_INFORMATION GIVEN_.
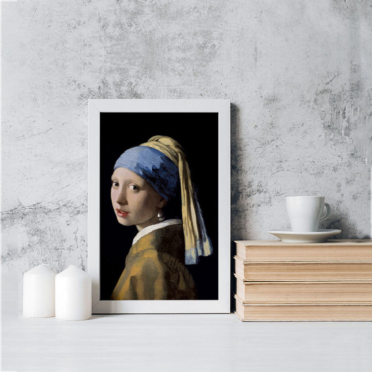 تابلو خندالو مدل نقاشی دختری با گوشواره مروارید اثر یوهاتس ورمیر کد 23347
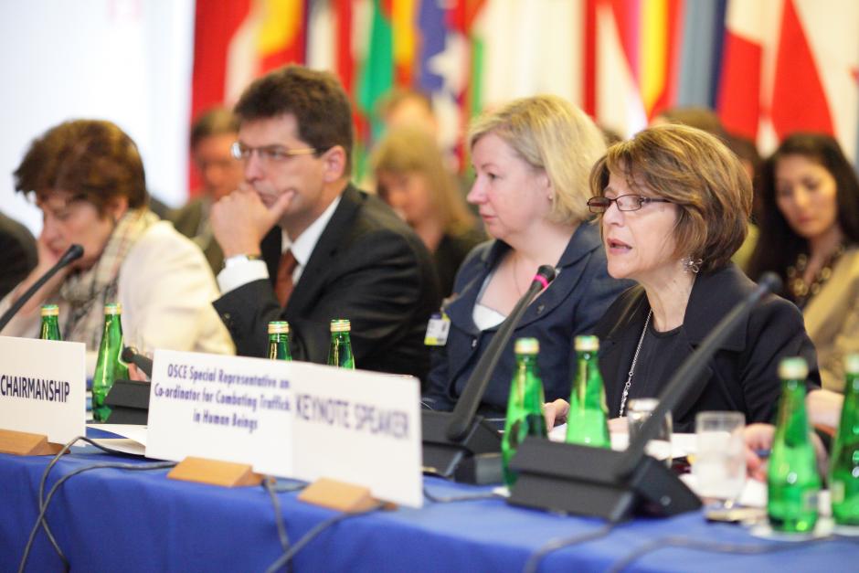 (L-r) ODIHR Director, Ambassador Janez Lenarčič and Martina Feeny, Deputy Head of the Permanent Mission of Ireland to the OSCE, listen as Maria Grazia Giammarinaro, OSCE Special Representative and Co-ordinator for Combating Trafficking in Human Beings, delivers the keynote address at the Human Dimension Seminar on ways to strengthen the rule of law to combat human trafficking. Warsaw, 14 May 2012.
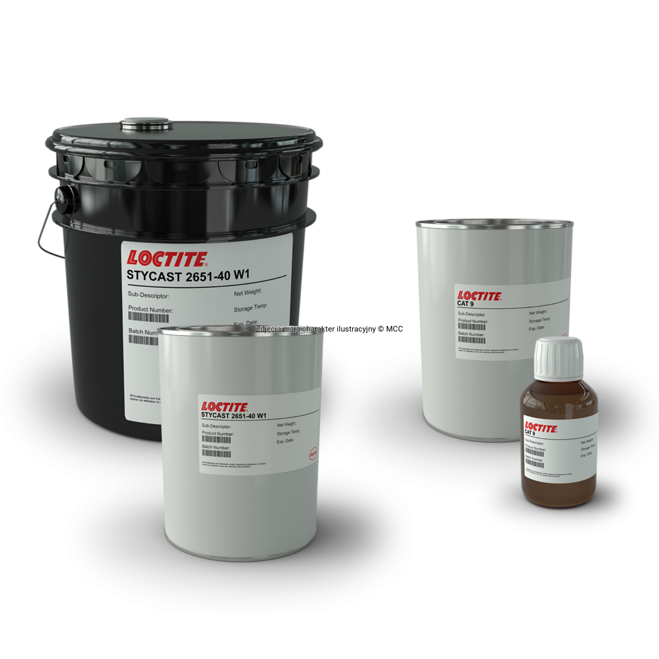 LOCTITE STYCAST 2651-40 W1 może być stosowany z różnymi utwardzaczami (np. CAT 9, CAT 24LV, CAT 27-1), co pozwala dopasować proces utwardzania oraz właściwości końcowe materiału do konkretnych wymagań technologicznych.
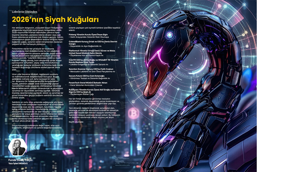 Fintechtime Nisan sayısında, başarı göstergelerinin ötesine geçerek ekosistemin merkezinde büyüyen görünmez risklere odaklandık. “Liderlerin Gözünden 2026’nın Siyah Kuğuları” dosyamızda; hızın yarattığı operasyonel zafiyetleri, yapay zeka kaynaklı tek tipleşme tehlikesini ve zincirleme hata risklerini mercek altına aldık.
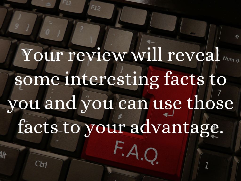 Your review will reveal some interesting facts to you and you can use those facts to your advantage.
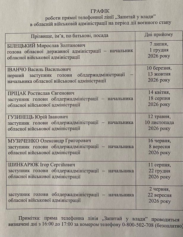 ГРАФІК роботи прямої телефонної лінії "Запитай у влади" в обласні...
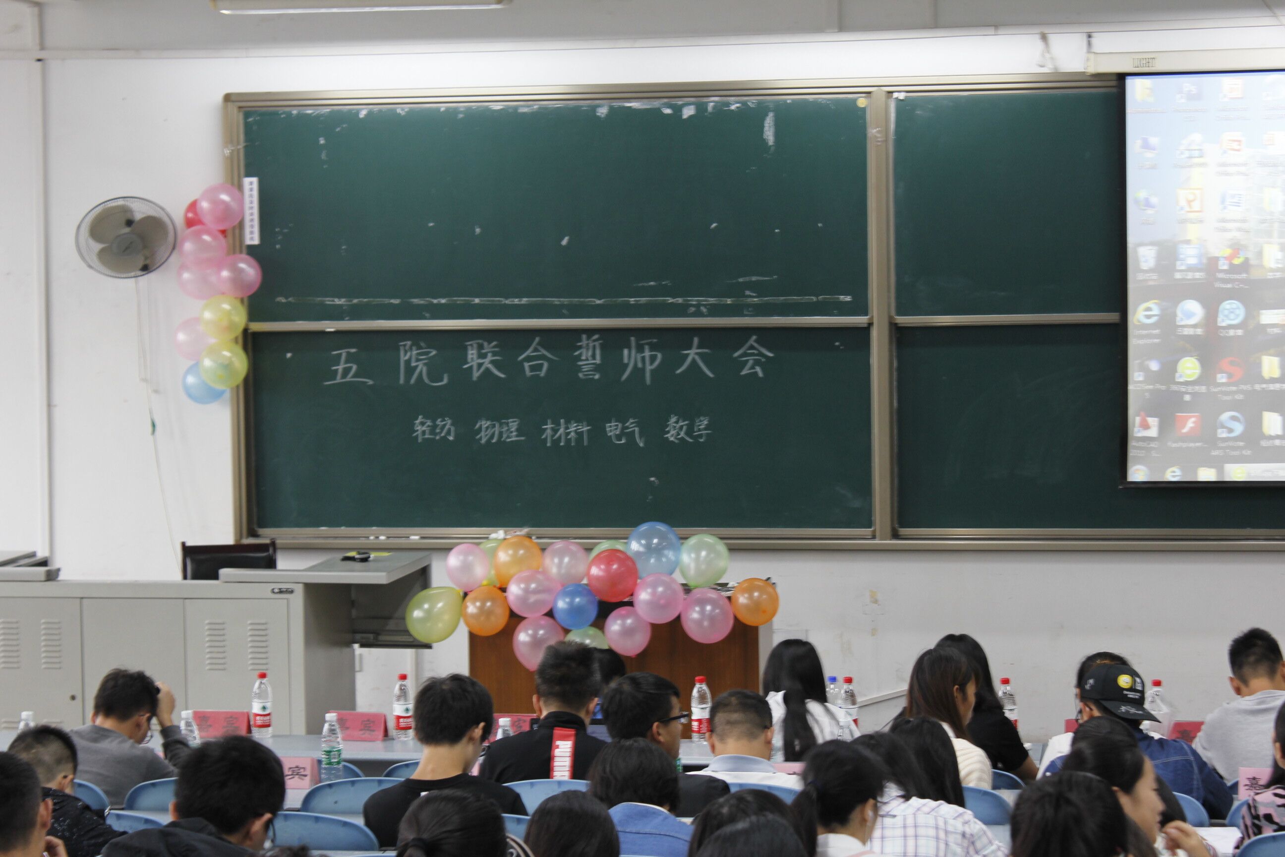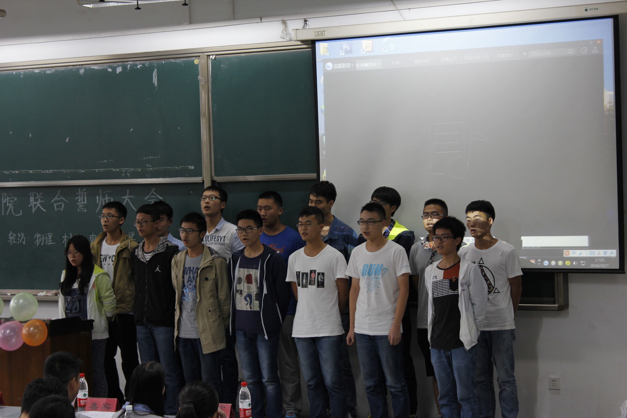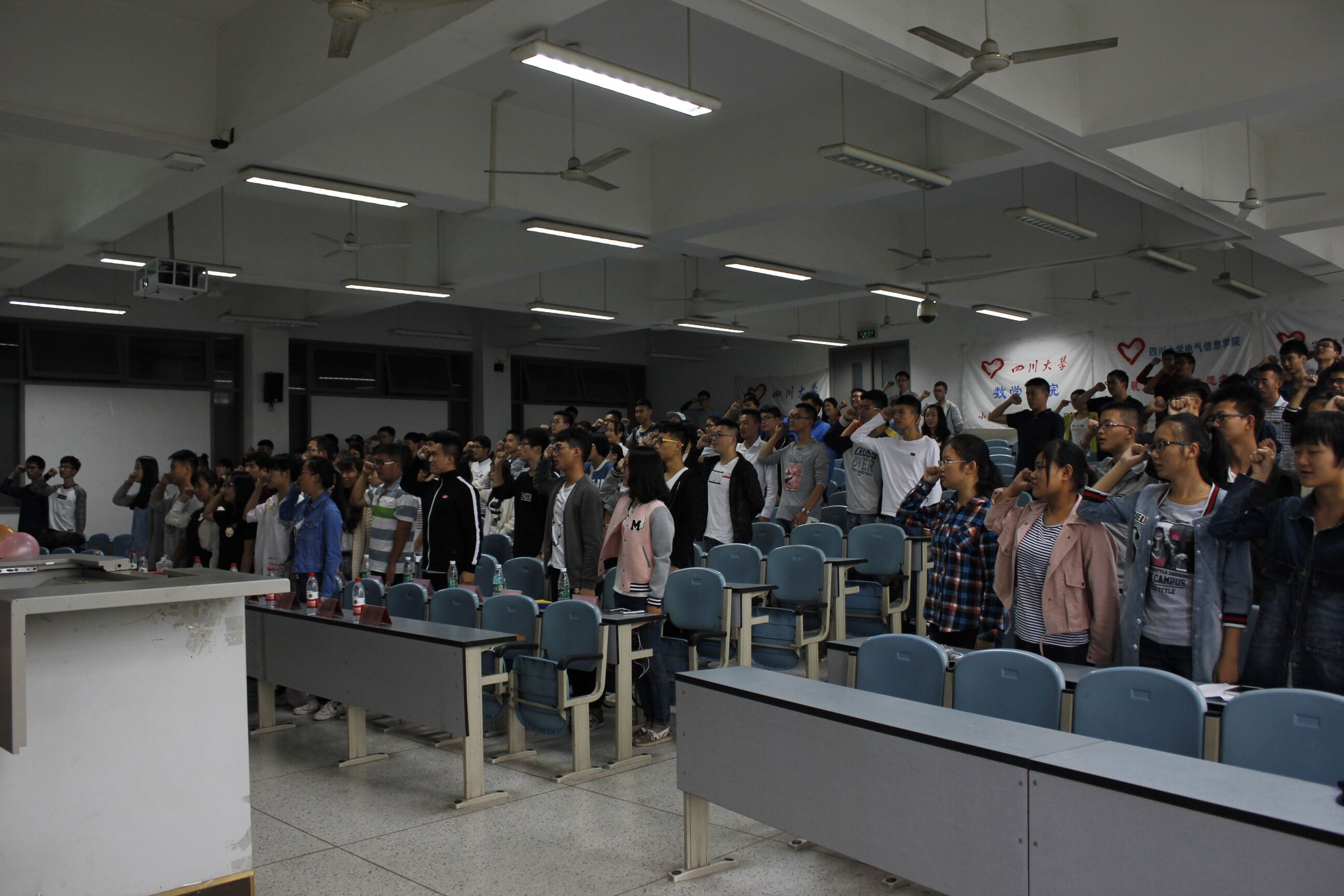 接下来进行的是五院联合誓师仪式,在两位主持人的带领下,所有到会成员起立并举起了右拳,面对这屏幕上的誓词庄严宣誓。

_TASK BRIEF_. Nothing but the pictures should be left out when the listing is repeated exactly.

_EXERCISE OUTPUT_.
 تابلو خندالو مدل نقاشی دختری با گوشواره مروارید اثر یوهاتس ورمیر کد 23347
 (L-r) ODIHR Director, Ambassador Janez Lenarčič and Martina Feeny, Deputy Head of the Permanent Mission of Ireland to the OSCE, listen as Maria Grazia Giammarinaro, OSCE Special Representative and Co-ordinator for Combating Trafficking in Human Beings, delivers the keynote address at the Human Dimension Seminar on ways to strengthen the rule of law to combat human trafficking. Warsaw, 14 May 2012.
 LOCTITE STYCAST 2651-40 W1 może być stosowany z różnymi utwardzaczami (np. CAT 9, CAT 24LV, CAT 27-1), co pozwala dopasować proces utwardzania oraz właściwości końcowe materiału do konkretnych wymagań technologicznych.
 Fintechtime Nisan sayısında, başarı göstergelerinin ötesine geçerek ekosistemin merkezinde büyüyen görünmez risklere odaklandık. “Liderlerin Gözünden 2026’nın Siyah Kuğuları” dosyamızda; hızın yarattığı operasyonel zafiyetleri, yapay zeka kaynaklı tek tipleşme tehlikesini ve zincirleme hata risklerini mercek altına aldık.
 Your review will reveal some interesting facts to you and you can use those facts to your advantage.
 ГРАФІК роботи прямої телефонної лінії "Запитай у влади" в обласні...
 接下来进行的是五院联合誓师仪式,在两位主持人的带领下,所有到会成员起立并举起了右拳,面对这屏幕上的誓词庄严宣誓。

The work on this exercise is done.